At the same time, the persecution of political opponents began, claiming nearly 3,000 people, mainly among the equites. Their property was confiscated and handed over to Sulla’s supporters. Wishing to rebuild the power of the senate, he increased its number to 600 members (previously 300). He abolished censorship. He increased the number of quaestors to 20 and secured them a seat in the Senate. The consuls were deprived of military power in the provinces and their role was limited to leadership in the Senate. The number of praetors was increased to 8. Consuls and praetors only after a year, with the title of proconsul and pro-prime minister, received provinces and command over the army. It was only possible to become a consul after ten years, and two years had to pass between other offices. The legislative initiative of the people’s tribunes had to be approved by the Senate, moreover, the tribune lost the possibility of holding other offices. The role of equites was limited in favour of the senators. He dealt with popular allies, mainly Samnites and Etruscans.

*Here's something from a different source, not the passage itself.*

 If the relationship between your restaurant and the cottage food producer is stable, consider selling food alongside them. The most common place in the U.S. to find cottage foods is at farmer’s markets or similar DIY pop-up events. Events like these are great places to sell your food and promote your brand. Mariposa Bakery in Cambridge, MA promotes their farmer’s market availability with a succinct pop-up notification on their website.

After three years of dictatorship, in 79 BCE, Sulla resigned and settled on his estate in Campania to stay with his family. He remained outside politics, except in a few situations where his interests were at stake. During his “retirement” he focused on writing memoirs (completed in 78 BCE), most of which were lost or destroyed. The preserved fragments survived in the works of later writers.

Death

He died in 78 BCE in Puteoli, Campania, on his estate, at the age of 60. Ancient evidence suggests Sulla had liver problems. Rupture of stomach ulcers is also suspected. The likely cause of the disease was alcohol abuse, which Sulla drank in large amounts for the rest of his life. He was buried in the Field of Mars in Rome.

Marriages and children

  • Ilia or Julia – possibly related to Julius Caesar’s family;
    • Cornelia;
    • Lucius Cornelius Sulla – died young;
  • Aelia;
  • Cloelia – Sulla got divorced due to her infertility;
  • Cecylia Metella Dalmatyka (82 BCE);
    • Faustus Cornelius Sulla;
    • Cornelia Fausta;
  • Valeria;
    • Cornelia Postuma – born after Sulla’s death.